TASK STATEMENT
When the listing below reaches the line that has "15. Сущин М.А.", start reproducing exactly; stop after the line that has "Com a novetat, s’estrena", and drop the pictures.

DATA FOR PROCESSING
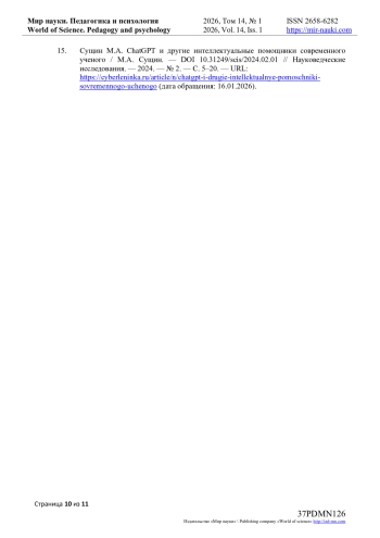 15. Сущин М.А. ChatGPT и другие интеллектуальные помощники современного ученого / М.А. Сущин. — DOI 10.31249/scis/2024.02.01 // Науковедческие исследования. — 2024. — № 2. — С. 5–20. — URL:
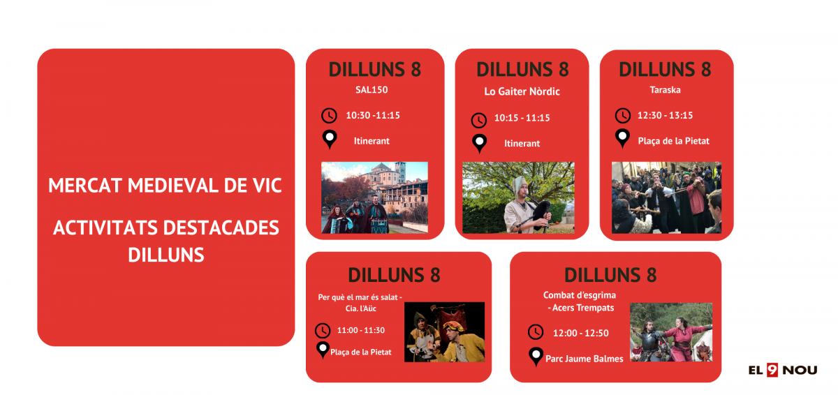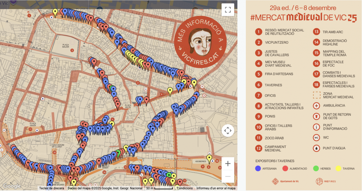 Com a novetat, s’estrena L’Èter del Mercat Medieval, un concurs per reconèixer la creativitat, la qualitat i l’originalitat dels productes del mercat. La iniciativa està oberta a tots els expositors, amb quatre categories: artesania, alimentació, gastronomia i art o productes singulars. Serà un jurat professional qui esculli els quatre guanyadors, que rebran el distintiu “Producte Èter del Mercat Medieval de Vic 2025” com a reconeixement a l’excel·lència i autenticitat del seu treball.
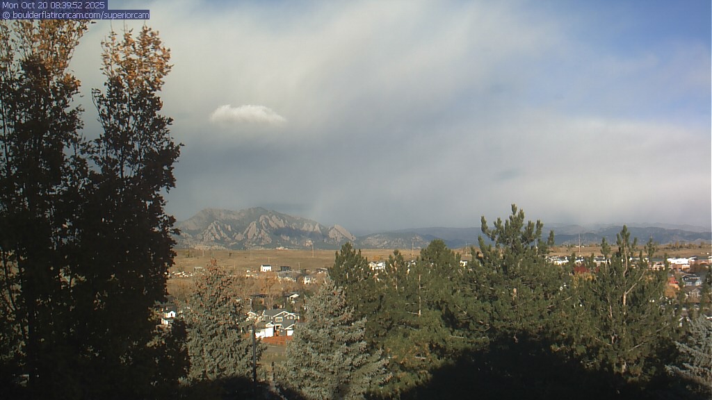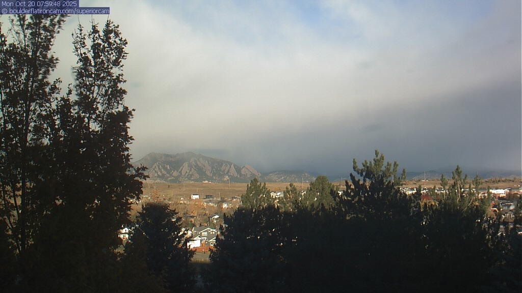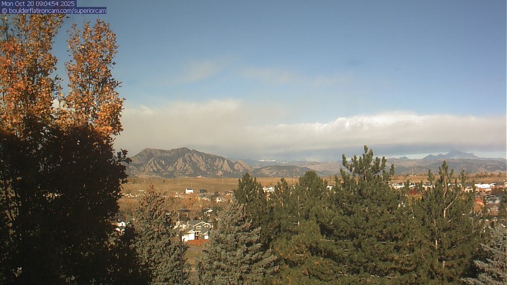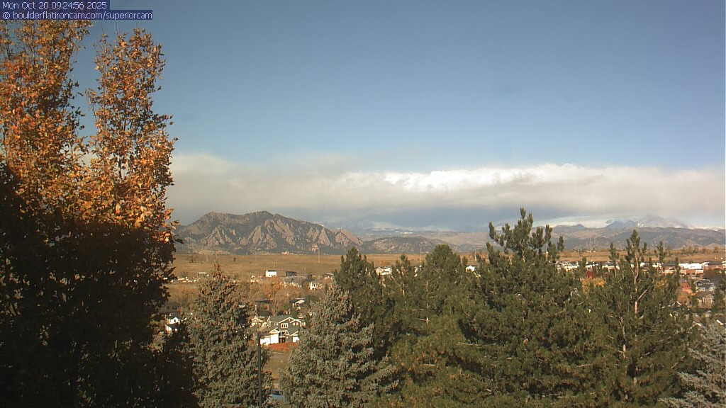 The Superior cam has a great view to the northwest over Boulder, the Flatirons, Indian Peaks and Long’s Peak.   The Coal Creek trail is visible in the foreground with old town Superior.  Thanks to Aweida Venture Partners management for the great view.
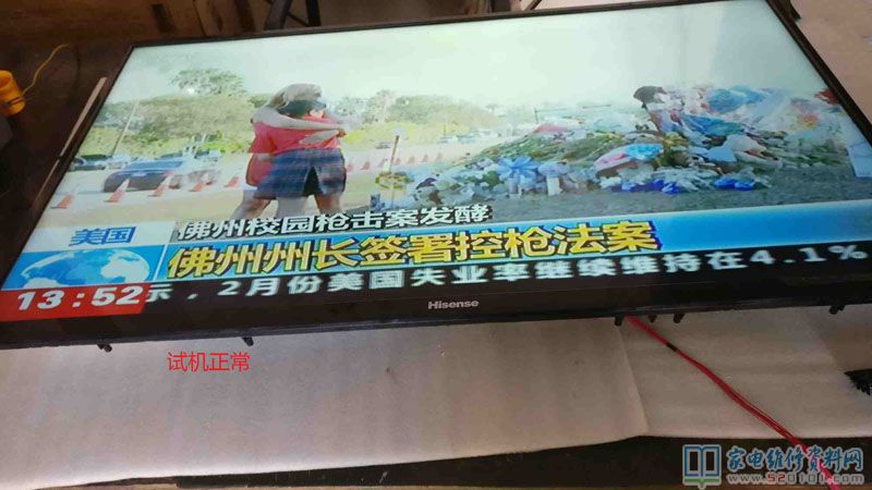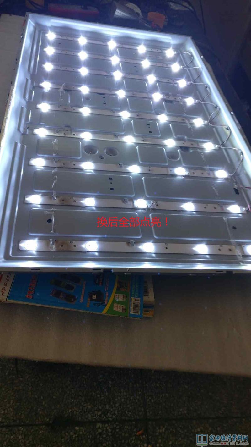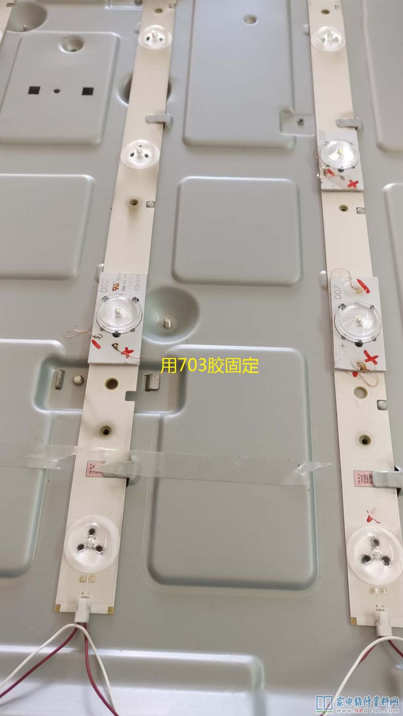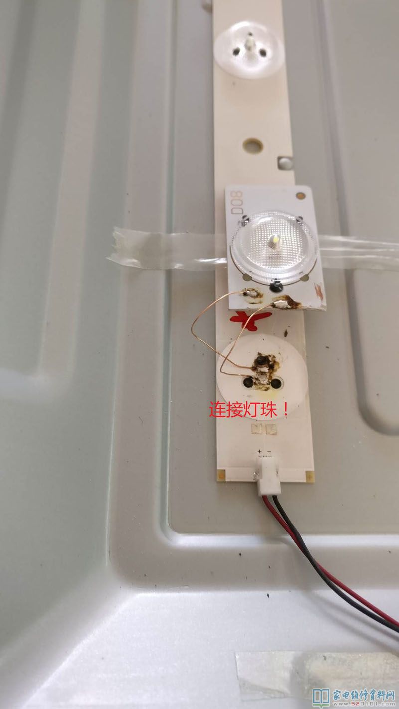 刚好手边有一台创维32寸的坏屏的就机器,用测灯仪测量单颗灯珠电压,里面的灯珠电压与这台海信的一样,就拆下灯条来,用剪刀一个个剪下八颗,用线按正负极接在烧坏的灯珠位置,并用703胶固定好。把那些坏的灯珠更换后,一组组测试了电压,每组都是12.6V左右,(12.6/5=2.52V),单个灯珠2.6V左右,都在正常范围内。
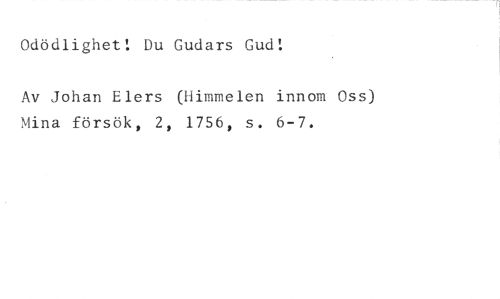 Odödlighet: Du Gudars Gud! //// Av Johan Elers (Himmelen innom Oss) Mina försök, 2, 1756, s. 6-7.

...

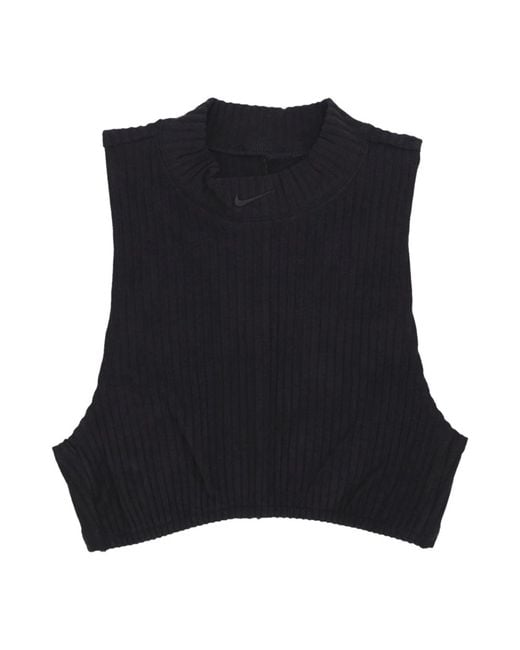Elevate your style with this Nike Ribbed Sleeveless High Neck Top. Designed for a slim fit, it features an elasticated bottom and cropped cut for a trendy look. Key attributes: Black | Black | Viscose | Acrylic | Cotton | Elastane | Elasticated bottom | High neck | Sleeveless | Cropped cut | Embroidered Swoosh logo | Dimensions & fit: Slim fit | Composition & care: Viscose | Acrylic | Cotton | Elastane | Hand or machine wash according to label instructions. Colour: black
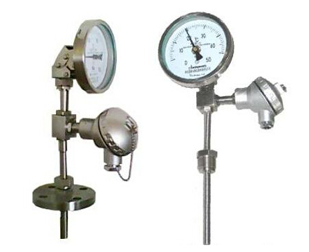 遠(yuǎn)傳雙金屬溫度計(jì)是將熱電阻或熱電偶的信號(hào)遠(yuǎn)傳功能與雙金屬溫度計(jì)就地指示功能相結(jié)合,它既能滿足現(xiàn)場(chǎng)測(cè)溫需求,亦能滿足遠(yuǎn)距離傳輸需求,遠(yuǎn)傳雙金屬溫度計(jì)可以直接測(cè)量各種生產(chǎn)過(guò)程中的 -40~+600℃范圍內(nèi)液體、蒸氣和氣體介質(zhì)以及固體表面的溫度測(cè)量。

* * *

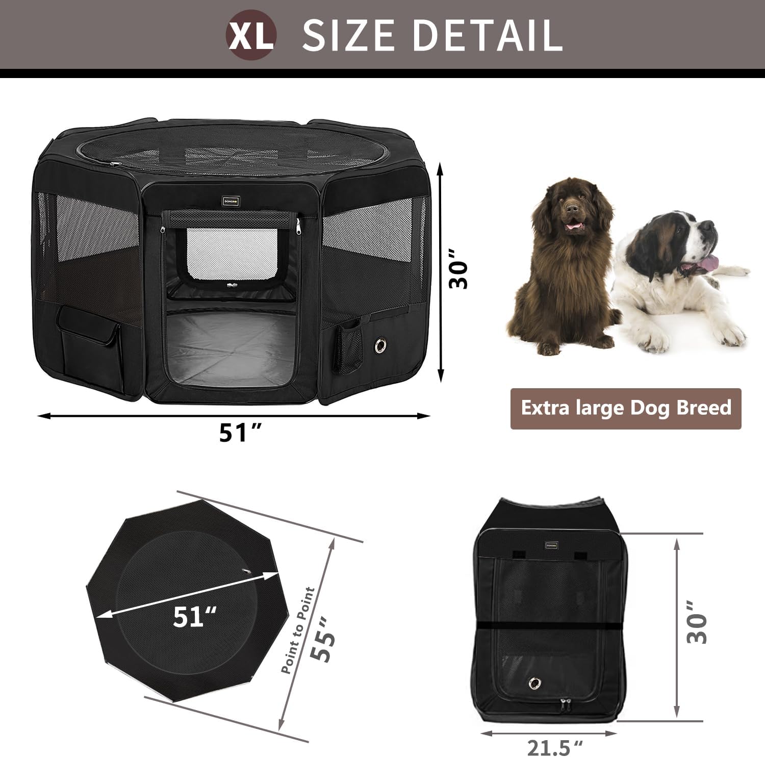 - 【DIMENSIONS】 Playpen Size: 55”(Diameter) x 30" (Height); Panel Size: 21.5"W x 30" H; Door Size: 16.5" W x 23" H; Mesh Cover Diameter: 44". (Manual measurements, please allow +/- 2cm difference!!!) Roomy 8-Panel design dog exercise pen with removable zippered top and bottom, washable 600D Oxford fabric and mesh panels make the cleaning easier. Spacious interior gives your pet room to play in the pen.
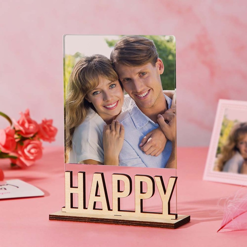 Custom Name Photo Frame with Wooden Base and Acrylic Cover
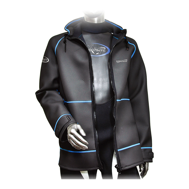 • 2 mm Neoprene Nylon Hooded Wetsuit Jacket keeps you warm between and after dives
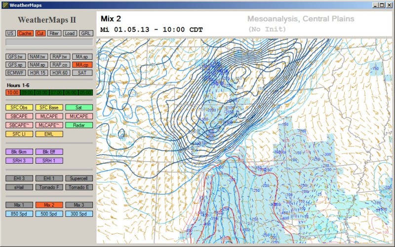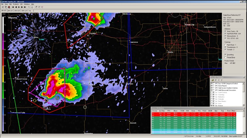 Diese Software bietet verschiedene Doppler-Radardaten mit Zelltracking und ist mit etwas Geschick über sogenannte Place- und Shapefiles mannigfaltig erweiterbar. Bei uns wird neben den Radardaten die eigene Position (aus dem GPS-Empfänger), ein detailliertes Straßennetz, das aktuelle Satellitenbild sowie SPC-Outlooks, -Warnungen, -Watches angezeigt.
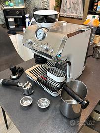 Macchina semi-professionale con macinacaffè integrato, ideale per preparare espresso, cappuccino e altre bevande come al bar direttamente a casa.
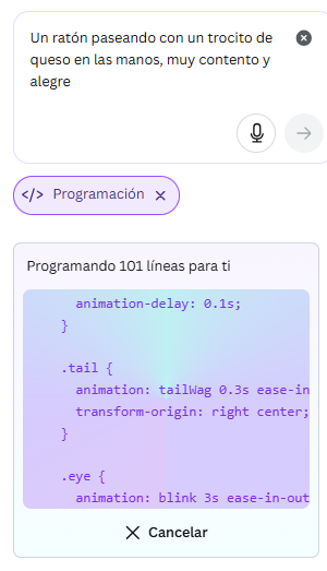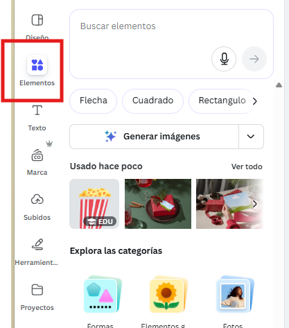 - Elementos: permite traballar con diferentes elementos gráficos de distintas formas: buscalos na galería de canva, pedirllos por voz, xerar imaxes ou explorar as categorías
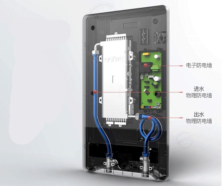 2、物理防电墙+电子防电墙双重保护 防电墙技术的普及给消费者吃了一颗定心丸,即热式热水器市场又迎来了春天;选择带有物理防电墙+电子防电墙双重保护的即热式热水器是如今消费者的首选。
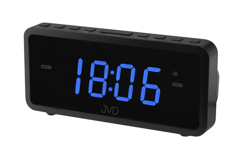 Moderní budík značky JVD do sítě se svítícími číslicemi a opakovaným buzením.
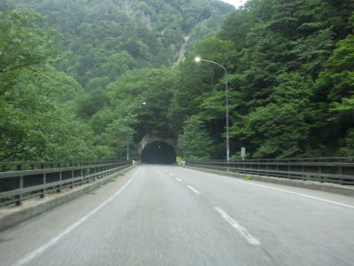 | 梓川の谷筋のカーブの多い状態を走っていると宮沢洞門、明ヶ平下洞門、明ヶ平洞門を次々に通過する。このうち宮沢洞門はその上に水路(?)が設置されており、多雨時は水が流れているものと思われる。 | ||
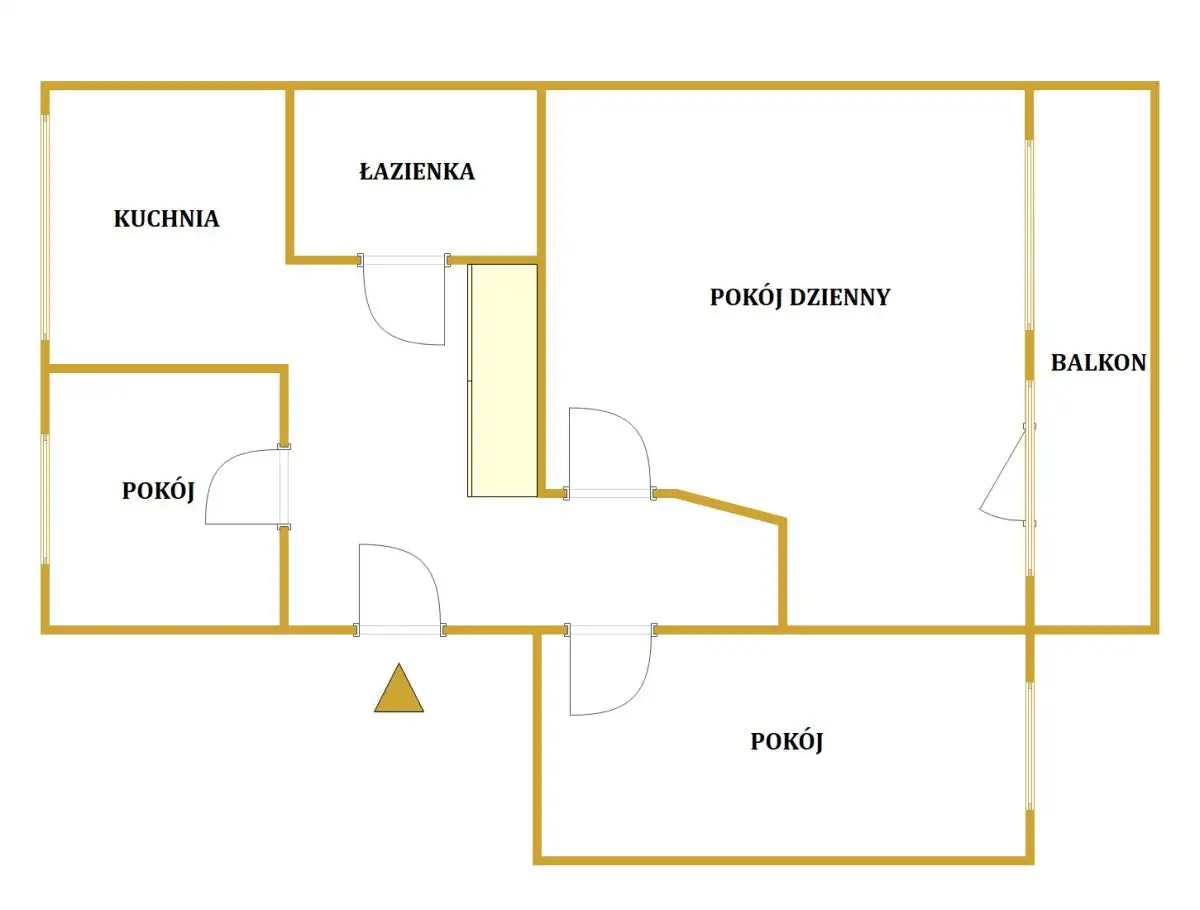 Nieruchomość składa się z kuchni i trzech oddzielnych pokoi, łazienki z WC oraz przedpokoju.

TASK OUTPUT
 15. Сущин М.А. ChatGPT и другие интеллектуальные помощники современного ученого / М.А. Сущин. — DOI 10.31249/scis/2024.02.01 // Науковедческие исследования. — 2024. — № 2. — С. 5–20. — URL:
 Com a novetat, s’estrena L’Èter del Mercat Medieval, un concurs per reconèixer la creativitat, la qualitat i l’originalitat dels productes del mercat. La iniciativa està oberta a tots els expositors, amb quatre categories: artesania, alimentació, gastronomia i art o productes singulars. Serà un jurat professional qui esculli els quatre guanyadors, que rebran el distintiu “Producte Èter del Mercat Medieval de Vic 2025” com a reconeixement a l’excel·lència i autenticitat del seu treball.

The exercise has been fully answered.